— Вот отступники, что творят, экое непотребство! Давно мы до них добирались, да все как-то оно по спирали… Спасибо еще, наш чип в их бич вшит — чуть что, любой чих — на пульте звенит потихоньку… Вы уж того, не серчайте, что нынче чуток запоздали — интересно было посмотреть, что дальше…
— Они, гады, хотели ледокрыл захватить и Уходить Домой! — срывающимся голосом докладывал Ил. — Мудрецов ругали, Лазаря поносили…
— Это вы молодец, что разузнали. Они будут наказаны, — задумчиво сказал патрульный.
— А как именно? — жадно спросил Ил.
— Ободраны кнутом и прощены. Станут смиренны, покорны и кошерны, не смея боле обращать злато избранничеств в свинейц. Шахер-махеры эти, алхизахен… Поспирали вчуже всуе… Снур халдейский! Их мясо слезет, а кожа заживет… другой жизнью… ближе к Свету… Помните у Бо: «Так рощи делаются проще, лишившись цветности листвы…» А вас награда ждет. Мы вас сейчас в перевязочную.
— Не надо! — охнул Ил.
Но его уже умело ткнули под ухо парализатором — хоп! — и он утих, успев пробормотать только формулу повиновения: «Вот я».

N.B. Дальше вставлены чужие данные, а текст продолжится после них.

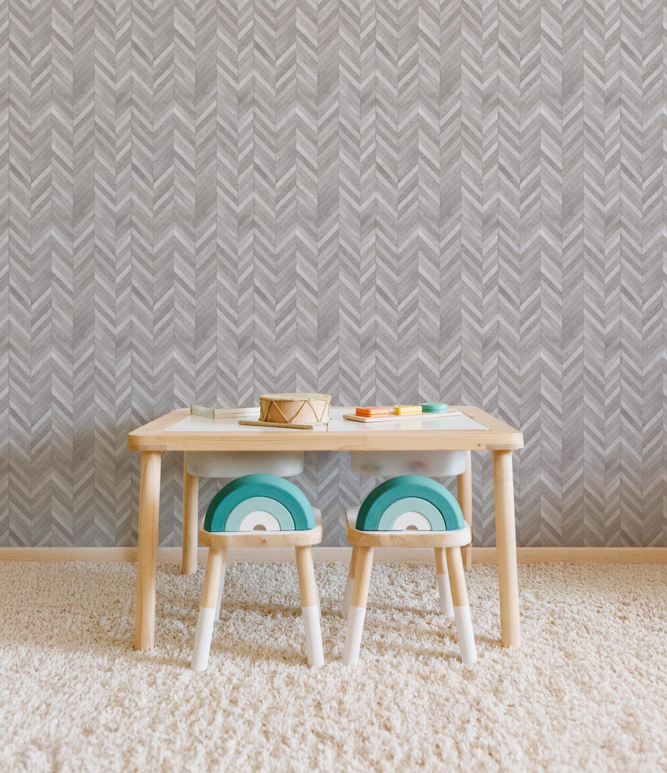 Refresh your space with the clean, contemporary look of this gray chevron peel and stick wallpaper 🧊 This faux wood mural brings subtle texture and cool elegance to any modern home, blending sleek gray tones in a classic chevron layout.

«Тут Илья Борисович задумался».
(В. Набоков, «Уста к устам»)
«Эк куда меня занесло!»
(И. Бродский, «Осенний крик ястреба»)
1
Осенний сумрак заползал в Зал-и-Вал — так теперь прозывался былой Столовый Чертог. Сквозняки, позевывая, кочевали по невеселым нынче коридорам Гранатового Дворца, с известных пор — городского раввината. Роскошные пирушки, пышные клюшки с пунцовым румянцем, вольное чтение по зернышку — славное прошлое, шумное минувшее — все в итоге накрылось белым талесом, свернулось в свиток, обернулось пыльным эхом, обросло мхом, покрылось пушистой плесенью. Вместо громыхающего хохота выпивох и заливистого визга сисястых саский — дряхлое «Ох-хо-хо» ицхаковых басен, как он в лес кого-то поволок, и скрип дверцы шкафа-арона — Плеснь Плесеней.

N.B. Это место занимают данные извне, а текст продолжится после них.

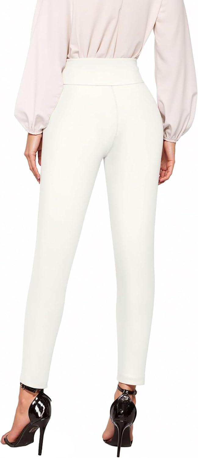 Hybrid & Company Women Stretch Skinny Dress Pants Nylon Ponte Pull On Office Leggings Trousers(1073t-ivory)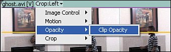 Tip You can type 50 directly into this field. Did You Know? You can use the yellow rubberband to control opacity. You can use the yellow rubberband that runs the length of every video clip to set opacity. Be sure that the rubberband is controlling opacity (see the second Did You Know? below). Then click on the rubberband. With the mouse button held down the cursor changes to include small up and down arrows. Drag the rubberband down to decrease opacity, up to increase it. As you move the rubberband, Premiere Elements displays a small yellow box to show you the opacity amount. You can choose what the rubberband controls. By default, the rubberband controls opacity, but you can set it to control other effects. To do so, click on the settings menu control in name bar at the top of the clip. It only appears at the head, or front, of the clip, so if you don't see it, scrub to the beginning of the clip. From the menu, select Opacity, Clip Opacity, as shown below.  |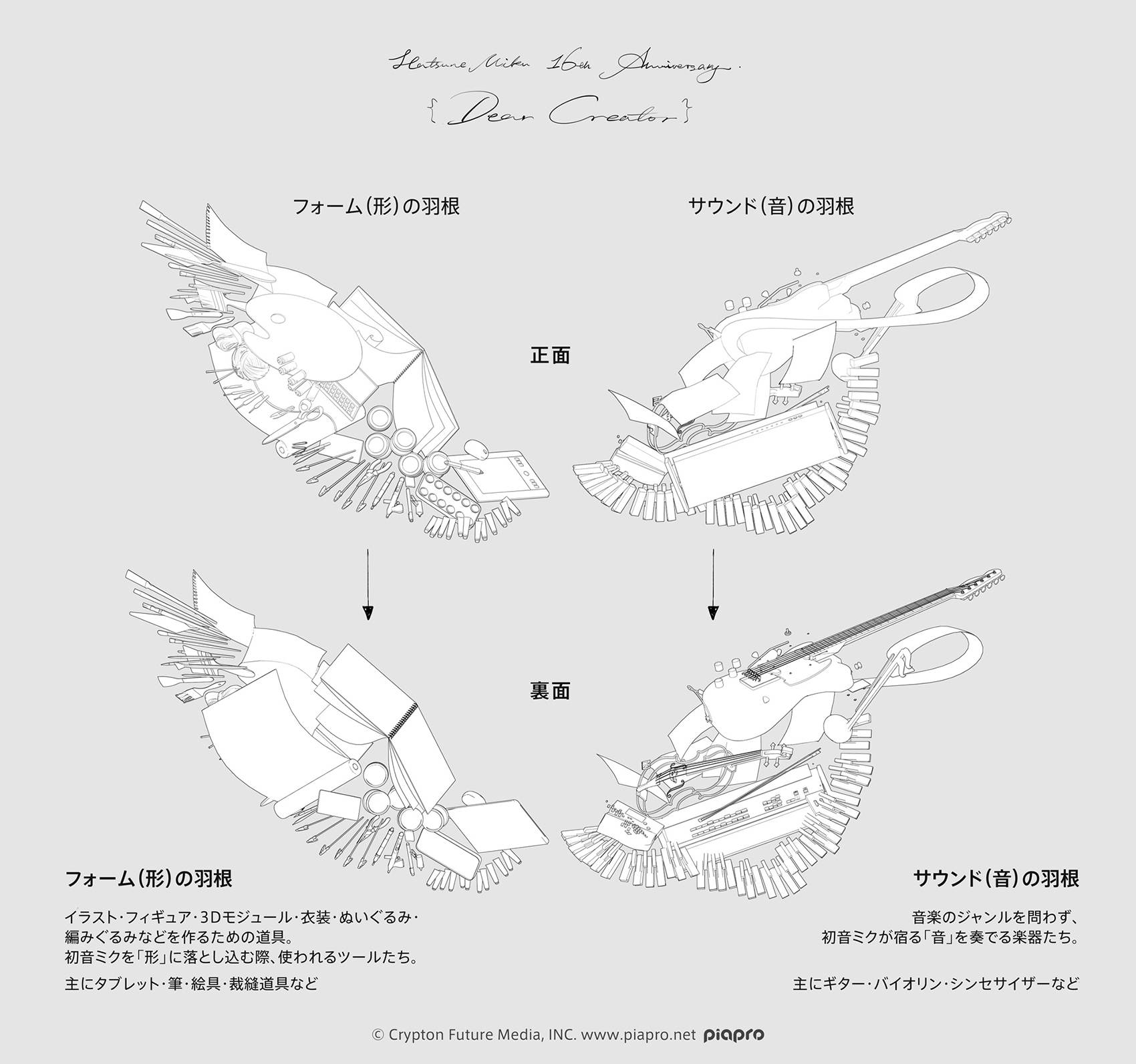 この新プロジェクトのためにデザインしていただいたオリジナル衣装には、これまでに販売された歴代ソフトウェアの衣装モチーフが含まれているので、ぜひ各要素を探してみてください。また、『初音ミク』の後ろには創作活動の手助けとなる象徴的なツールが集まった「創作の羽根」が描かれており、まさに多くのクリエイターの作品とともに16年間を歩んできた『初音ミク』らしいビジュアルとなっています。

За господином И. что-то никак не приходили. За время обитания в БВР он побывал уже в шкуре Вреда (процесс превращения), исправительно отмучился Стражем (семь шкур!..), замкнуто настрадался Стольником (рассолу, шкурехи!) — а свята Мудрость не снизошла пока.
После разгрома банды «Уходящих Домой» его доставили в перевязочную, где торжественно, без хихиканья, вручили расшитую серебром перевязь с бантами — знак Приближения. Милостиво сосватали служить в Гранатовый Раввинат — пристроили помощником-размышляющим Шестого Постсоветника, обещав в награду еще золотой жетон за труды. Увидим, глядь. И так голова кругом идет. Жить оставили в прежней каморке на медные деньги, отобрав, правда, книжки и заменив их вавилонским многопудьем Книги — нету башен краше Раши!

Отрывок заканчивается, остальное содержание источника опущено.